WESTMINSTER is in the grip of a most peculiar scandal in which an MP sent photographs of himself to a man he had met on a gay dating website and then, we he feared he might be blackmailed, he divulged the telephone numbers of some of his Parliamentary colleagues and media contacts who were then themselves targeted with salacious messages.

It would be funny if it weren’t so serious.

It shows how far standards have slipped. Once someone wishing to entrap an MP and gain kompromat on them had to work hard with an elaborate set up and then sit for hours with a long camera lens. Now a couple of saucy messages and an MP is willing to take compromising pictures of himself!

Chancellor Jeremy Hunt has commended the backbench MP, William Wragg, for making a “courageous and fulsome” apology, but if you had behaved in this way at work, giving out contact details of your colleagues to someone with malice aforethought, do you think you would receive a pat on the back?

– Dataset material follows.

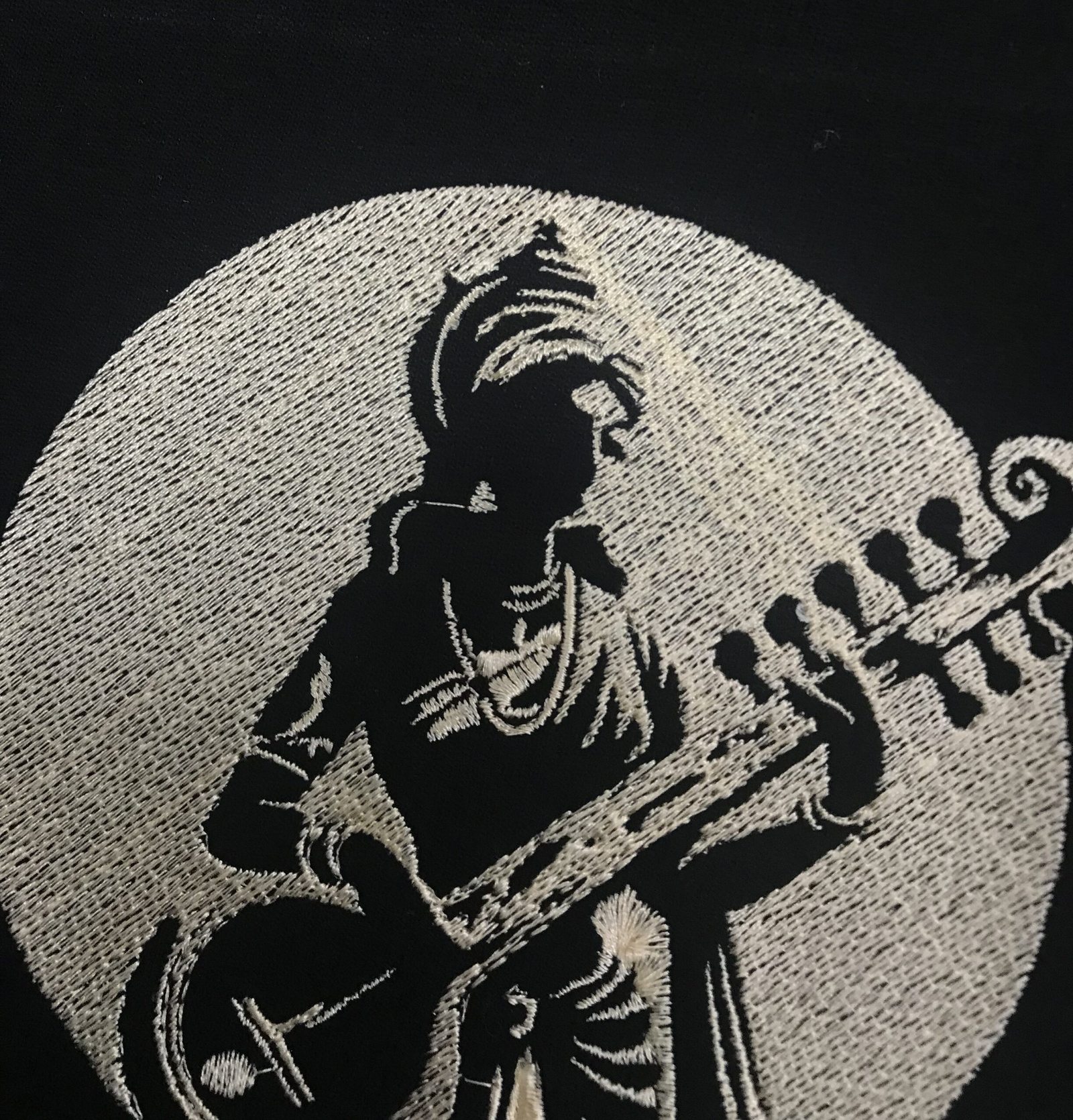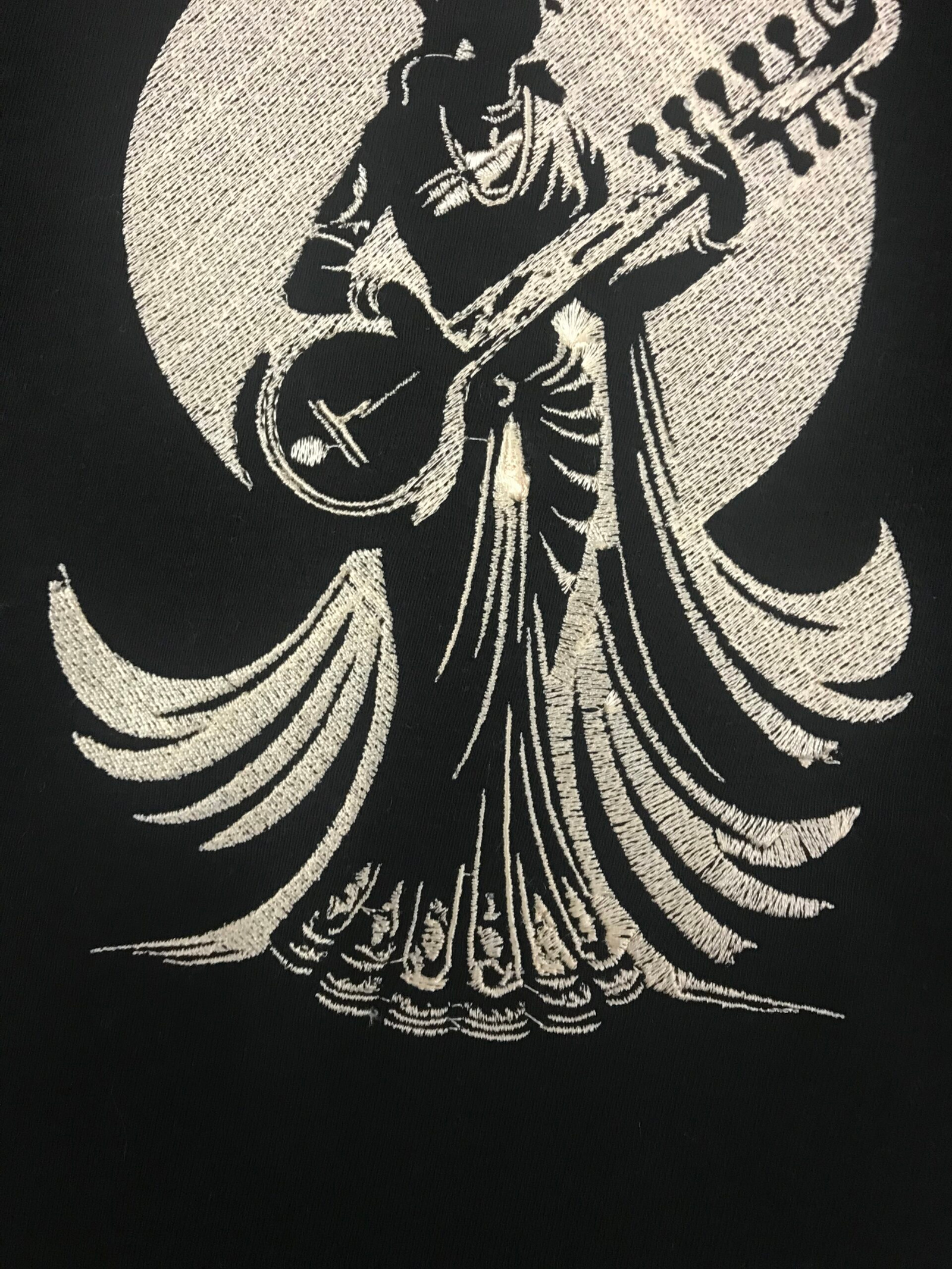 Minimal Saraswati design embroidered with Ivory Gold thread on Black Garment
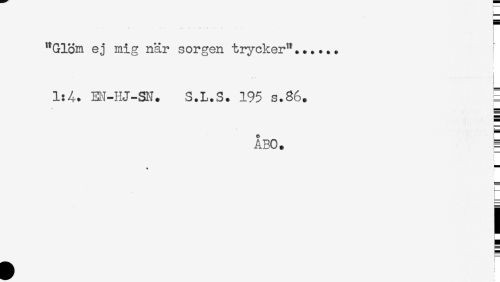 //// ... . v , . j //// "Glöm ej mig när sorgen trycker"...... //// * * //// 1:4. EN-HJ-SN. S.L.S. 195 s.86. = //// ÅBO. = //// ! //// r* //// ! //// ! //// g ////

We elect our MPs to consider the weightiest issues of the day on our behalf and then use their judgement. Should we continue to sell arms to Israel? How can we improve the NHS so that 250 people a week are not dying unnecessarily due to long waits in A&E? What contracts can be brought forward to prevent a train-building factory from shutting?

Should I send incriminating pictures of myself to someone I do not know must surely have a blindingly obvious answer.

Perhaps Mr Wragg, by exhibiting his complete lack of judgement, has accidentally performed a valuable service: if you receive a strange message asking for your bank account details or for a picture of your nether regions, just say no and press delete.